───── THE INPUT
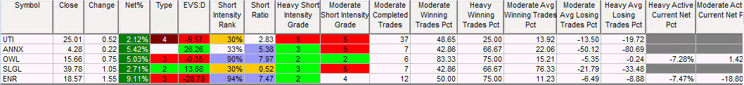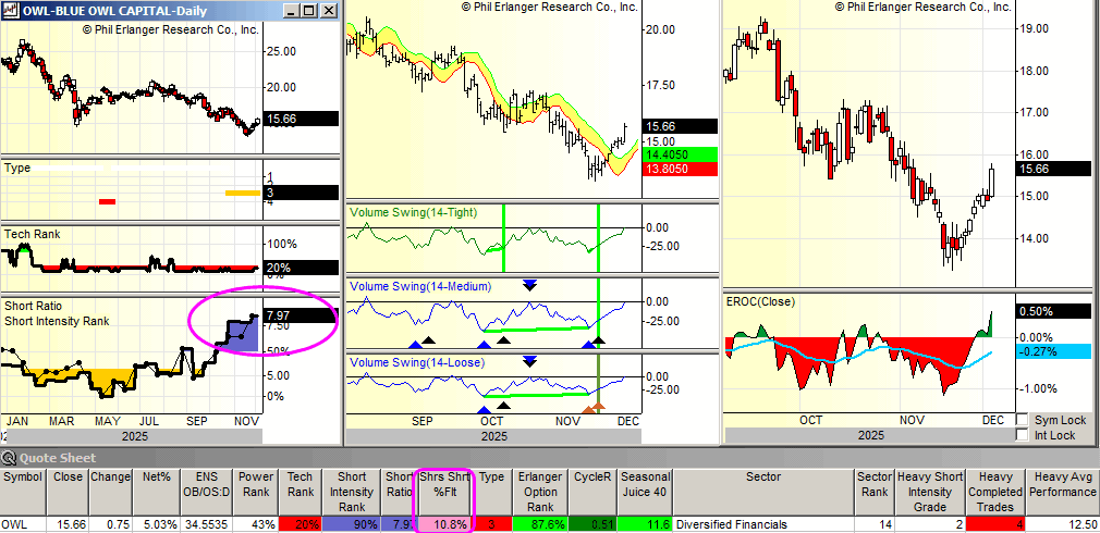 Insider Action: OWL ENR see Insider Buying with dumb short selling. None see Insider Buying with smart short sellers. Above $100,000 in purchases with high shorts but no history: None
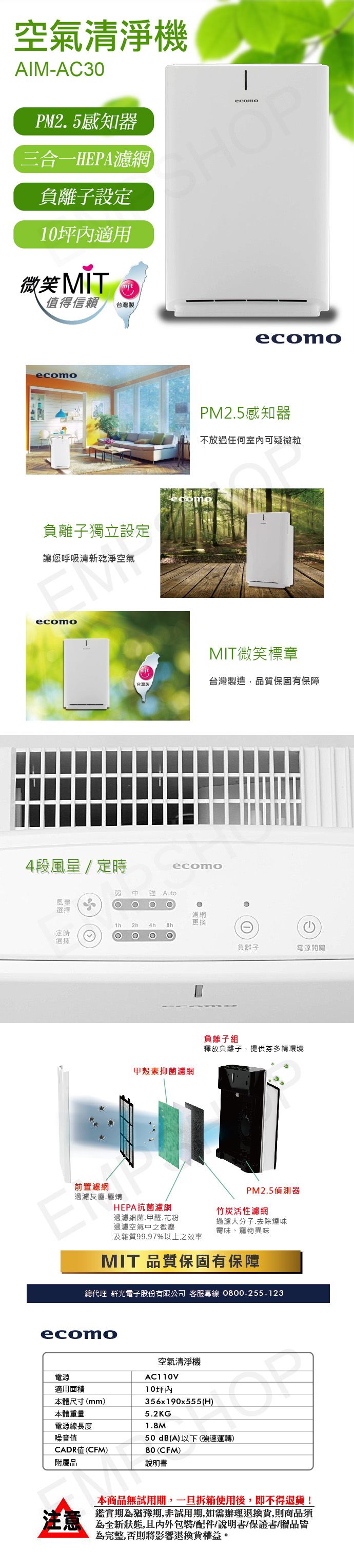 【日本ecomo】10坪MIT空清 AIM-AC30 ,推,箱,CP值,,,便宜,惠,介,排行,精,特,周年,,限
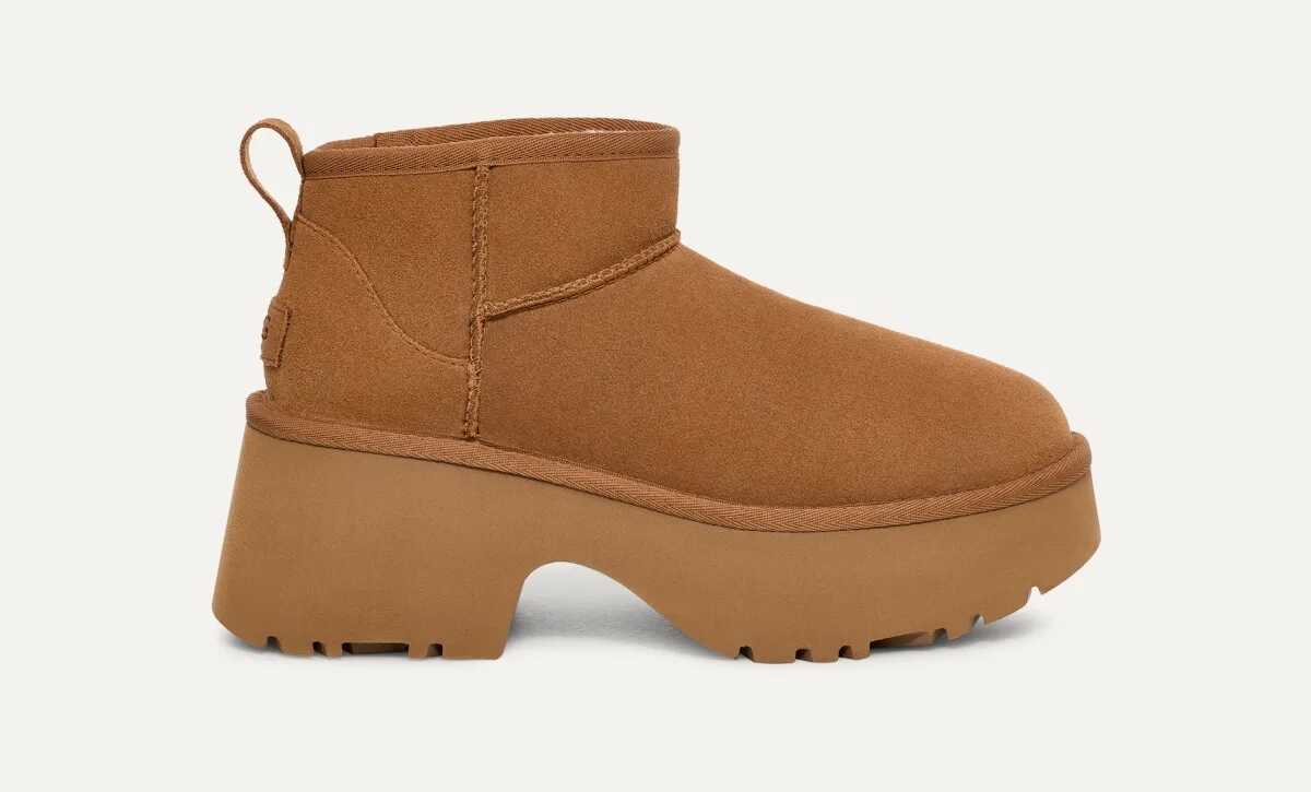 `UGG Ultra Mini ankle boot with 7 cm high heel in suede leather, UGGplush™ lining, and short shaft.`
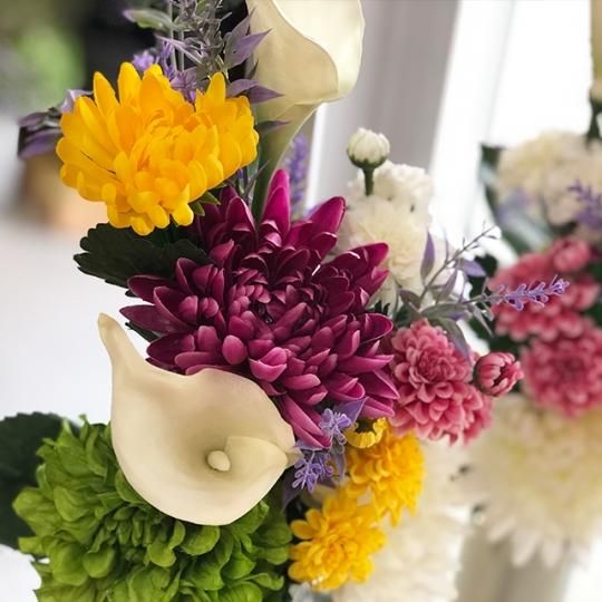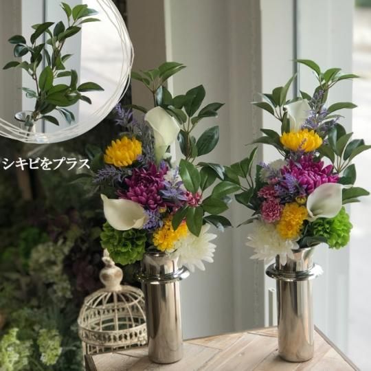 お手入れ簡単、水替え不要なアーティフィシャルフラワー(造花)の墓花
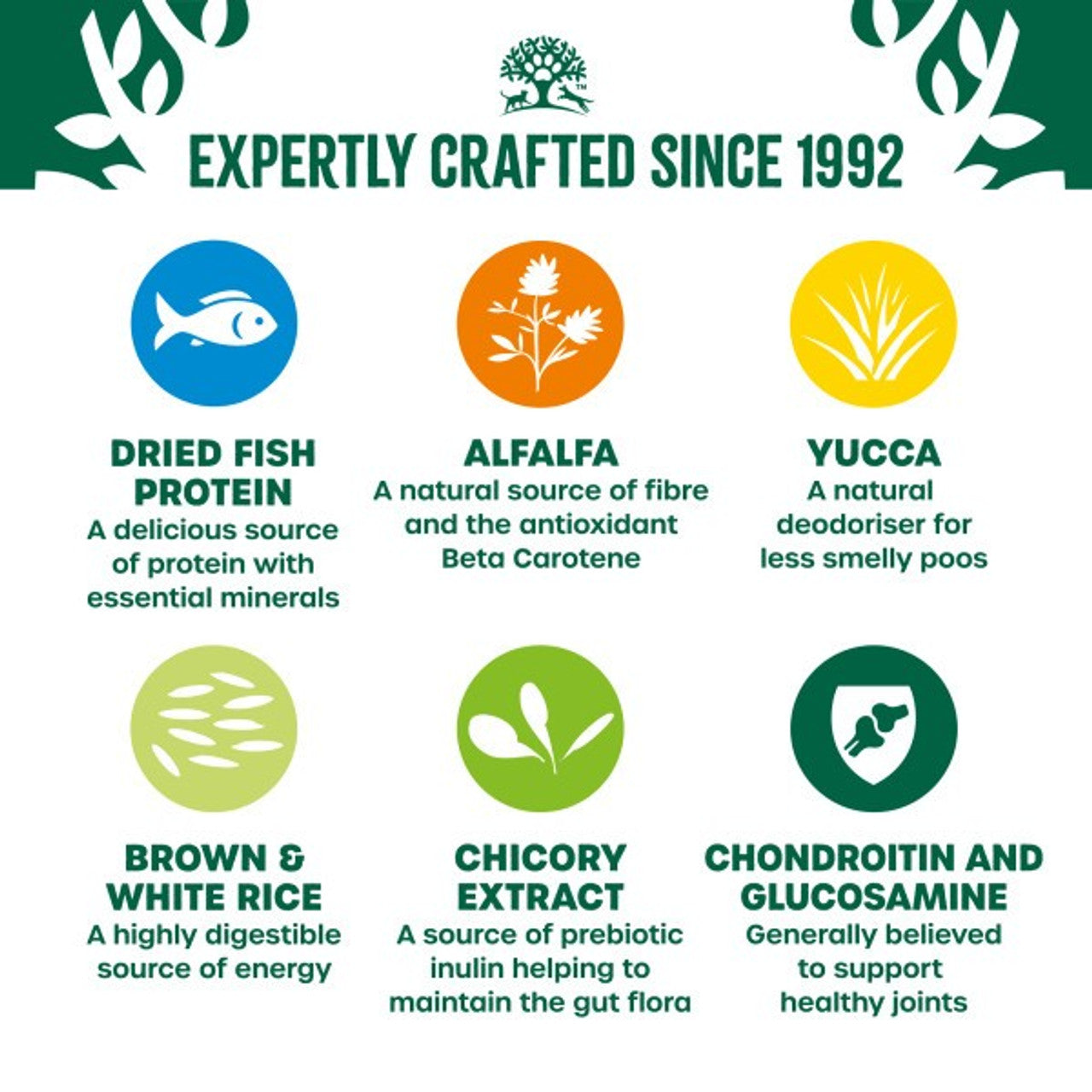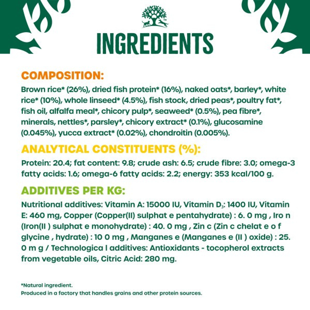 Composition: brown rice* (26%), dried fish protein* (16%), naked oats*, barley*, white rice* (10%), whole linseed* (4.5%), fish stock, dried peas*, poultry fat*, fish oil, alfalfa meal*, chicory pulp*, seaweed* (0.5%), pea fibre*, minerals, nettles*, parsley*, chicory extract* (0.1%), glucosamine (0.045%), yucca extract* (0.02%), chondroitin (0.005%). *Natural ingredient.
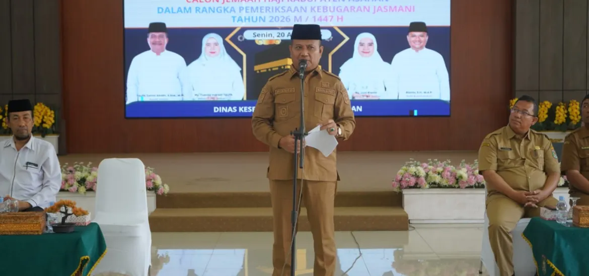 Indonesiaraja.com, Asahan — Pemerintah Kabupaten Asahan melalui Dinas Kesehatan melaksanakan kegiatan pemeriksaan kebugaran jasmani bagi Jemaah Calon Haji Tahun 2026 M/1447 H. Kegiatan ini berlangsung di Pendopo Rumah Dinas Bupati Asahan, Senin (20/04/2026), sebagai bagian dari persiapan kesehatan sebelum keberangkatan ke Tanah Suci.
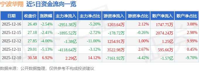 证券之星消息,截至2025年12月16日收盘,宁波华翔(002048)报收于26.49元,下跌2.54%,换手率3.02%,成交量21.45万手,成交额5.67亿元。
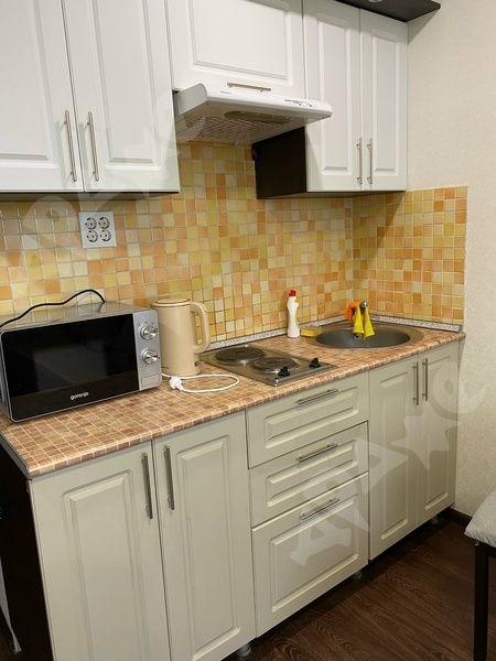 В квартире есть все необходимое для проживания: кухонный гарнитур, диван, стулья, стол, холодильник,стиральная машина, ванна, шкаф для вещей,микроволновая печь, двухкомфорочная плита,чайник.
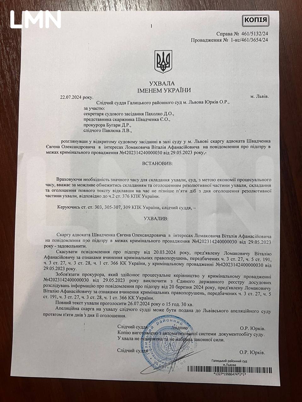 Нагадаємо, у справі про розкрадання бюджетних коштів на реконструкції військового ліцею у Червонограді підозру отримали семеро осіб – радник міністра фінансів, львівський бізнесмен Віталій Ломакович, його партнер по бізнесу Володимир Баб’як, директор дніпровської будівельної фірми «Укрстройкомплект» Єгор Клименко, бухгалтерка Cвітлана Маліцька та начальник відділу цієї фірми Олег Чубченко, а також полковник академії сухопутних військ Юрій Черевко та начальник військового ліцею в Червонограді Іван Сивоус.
──────────
TASK PROMPT | Everything from the line with "Indonesiaraja.com, Asahan —" down to the line with "证券之星消息,截至2025年" in the data above should be copied exactly, with both end lines kept and the pictures left out.

EXERCISE OUTPUT |
 Indonesiaraja.com, Asahan — Pemerintah Kabupaten Asahan melalui Dinas Kesehatan melaksanakan kegiatan pemeriksaan kebugaran jasmani bagi Jemaah Calon Haji Tahun 2026 M/1447 H. Kegiatan ini berlangsung di Pendopo Rumah Dinas Bupati Asahan, Senin (20/04/2026), sebagai bagian dari persiapan kesehatan sebelum keberangkatan ke Tanah Suci.
 证券之星消息,截至2025年12月16日收盘,宁波华翔(002048)报收于26.49元,下跌2.54%,换手率3.02%,成交量21.45万手,成交额5.67亿元。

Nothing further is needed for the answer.